_SOURCE RECORDS:_
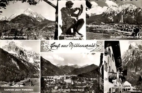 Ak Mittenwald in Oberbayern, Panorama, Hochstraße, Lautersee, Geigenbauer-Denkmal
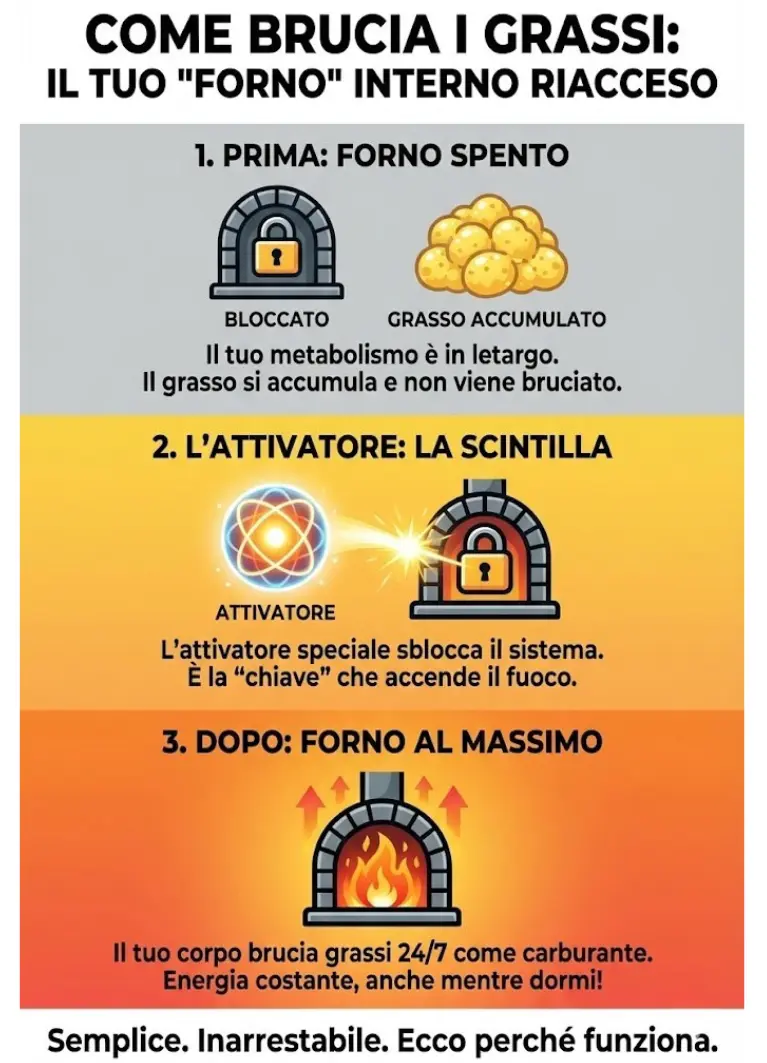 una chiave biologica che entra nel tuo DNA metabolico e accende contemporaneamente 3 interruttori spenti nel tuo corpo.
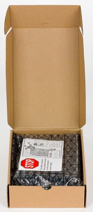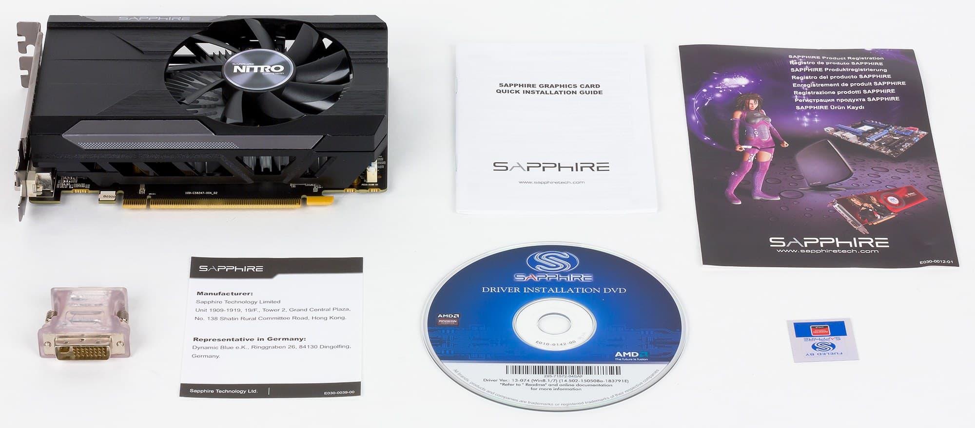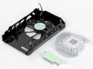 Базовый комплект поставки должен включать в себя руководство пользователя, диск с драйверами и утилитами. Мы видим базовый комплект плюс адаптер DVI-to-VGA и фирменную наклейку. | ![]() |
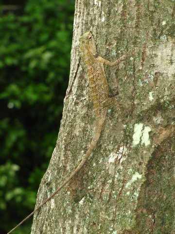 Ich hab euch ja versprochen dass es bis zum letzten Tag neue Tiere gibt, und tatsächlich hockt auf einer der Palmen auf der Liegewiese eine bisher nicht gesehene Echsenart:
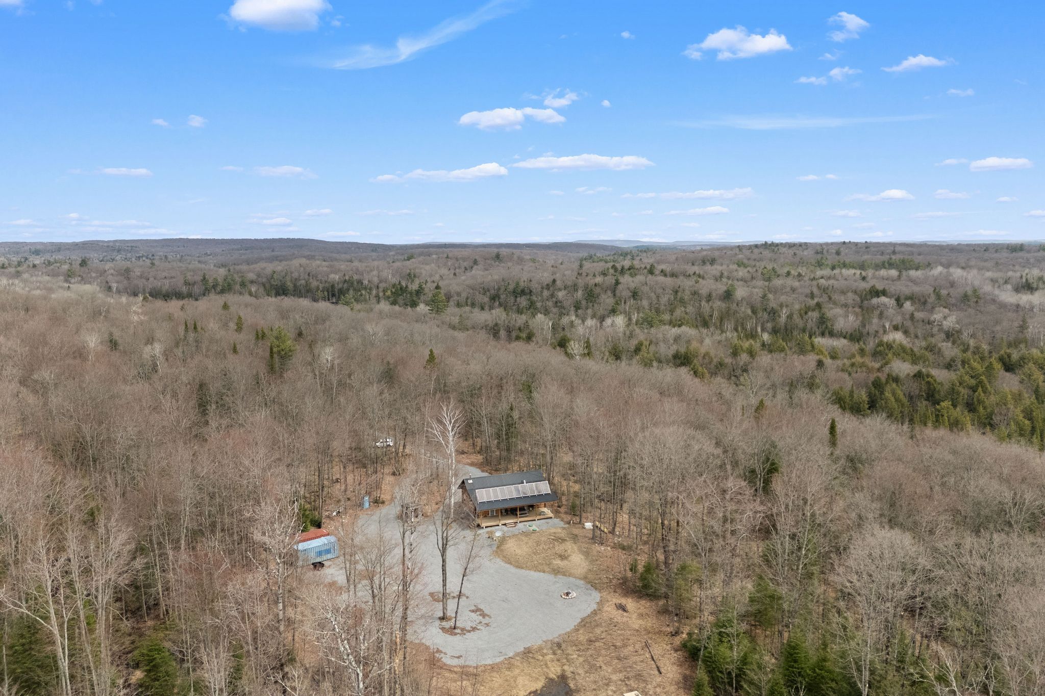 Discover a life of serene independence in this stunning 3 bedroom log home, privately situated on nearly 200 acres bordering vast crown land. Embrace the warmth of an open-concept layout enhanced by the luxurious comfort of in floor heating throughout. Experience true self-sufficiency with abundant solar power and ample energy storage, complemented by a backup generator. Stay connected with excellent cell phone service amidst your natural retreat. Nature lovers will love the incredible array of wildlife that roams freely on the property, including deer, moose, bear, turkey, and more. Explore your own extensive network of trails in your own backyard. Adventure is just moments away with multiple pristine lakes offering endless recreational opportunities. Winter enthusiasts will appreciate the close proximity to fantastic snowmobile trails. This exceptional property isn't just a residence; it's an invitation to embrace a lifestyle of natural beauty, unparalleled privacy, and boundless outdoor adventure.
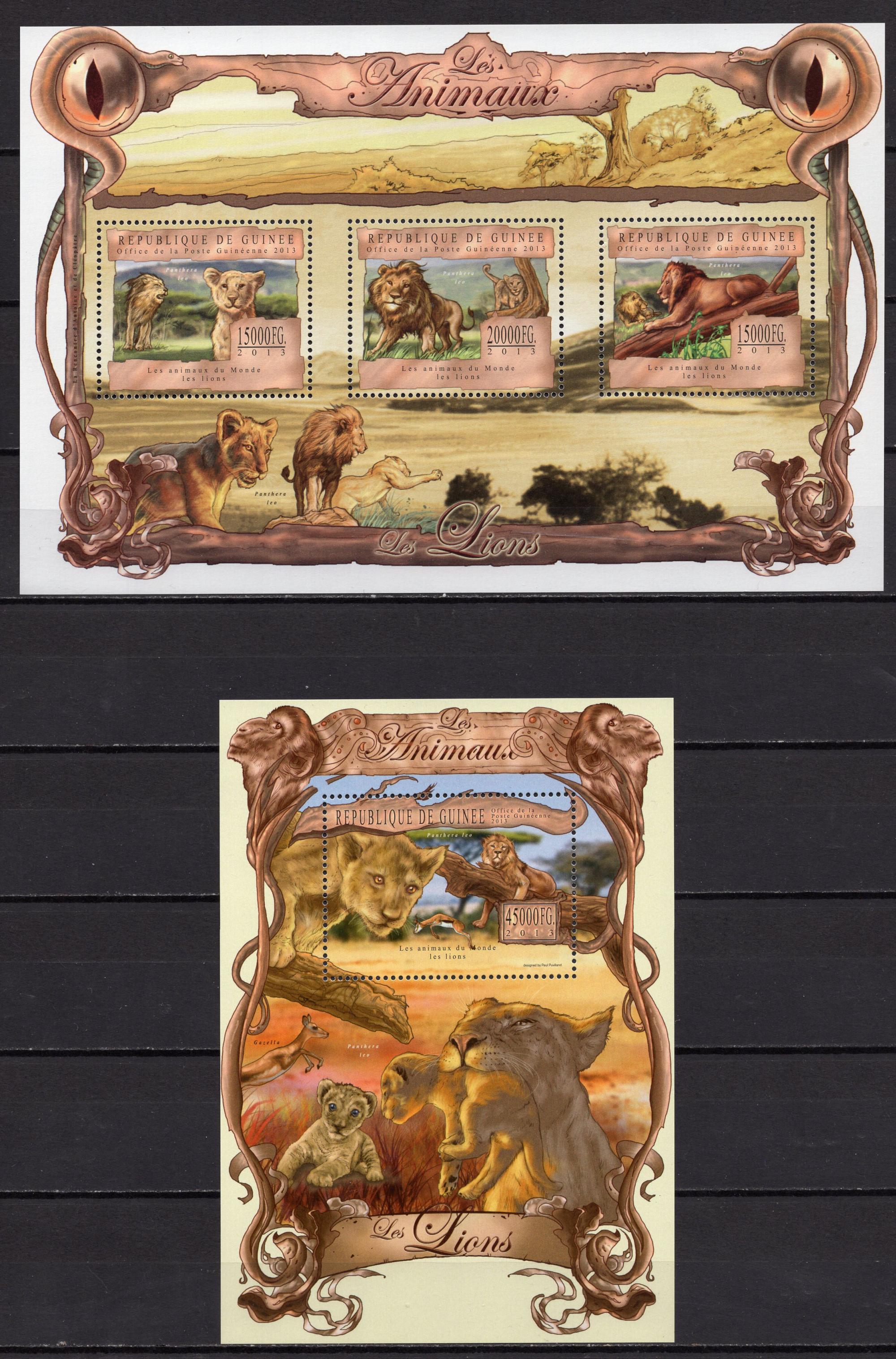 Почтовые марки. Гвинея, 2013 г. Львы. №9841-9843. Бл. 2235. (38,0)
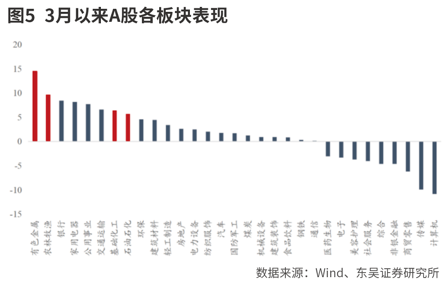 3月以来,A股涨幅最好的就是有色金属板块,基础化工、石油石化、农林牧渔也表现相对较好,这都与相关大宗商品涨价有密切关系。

_WHAT IS EXPECTED:_
Set down every record exactly as written, but drop the pictures.

_TASK ANSWER:_
 Ak Mittenwald in Oberbayern, Panorama, Hochstraße, Lautersee, Geigenbauer-Denkmal
 una chiave biologica che entra nel tuo DNA metabolico e accende contemporaneamente 3 interruttori spenti nel tuo corpo.
 Базовый комплект поставки должен включать в себя руководство пользователя, диск с драйверами и утилитами. Мы видим базовый комплект плюс адаптер DVI-to-VGA и фирменную наклейку. | ![]() |
 Ich hab euch ja versprochen dass es bis zum letzten Tag neue Tiere gibt, und tatsächlich hockt auf einer der Palmen auf der Liegewiese eine bisher nicht gesehene Echsenart:
 Discover a life of serene independence in this stunning 3 bedroom log home, privately situated on nearly 200 acres bordering vast crown land. Embrace the warmth of an open-concept layout enhanced by the luxurious comfort of in floor heating throughout. Experience true self-sufficiency with abundant solar power and ample energy storage, complemented by a backup generator. Stay connected with excellent cell phone service amidst your natural retreat. Nature lovers will love the incredible array of wildlife that roams freely on the property, including deer, moose, bear, turkey, and more. Explore your own extensive network of trails in your own backyard. Adventure is just moments away with multiple pristine lakes offering endless recreational opportunities. Winter enthusiasts will appreciate the close proximity to fantastic snowmobile trails. This exceptional property isn't just a residence; it's an invitation to embrace a lifestyle of natural beauty, unparalleled privacy, and boundless outdoor adventure.
 Почтовые марки. Гвинея, 2013 г. Львы. №9841-9843. Бл. 2235. (38,0)
 3月以来,A股涨幅最好的就是有色金属板块,基础化工、石油石化、农林牧渔也表现相对较好,这都与相关大宗商品涨价有密切关系。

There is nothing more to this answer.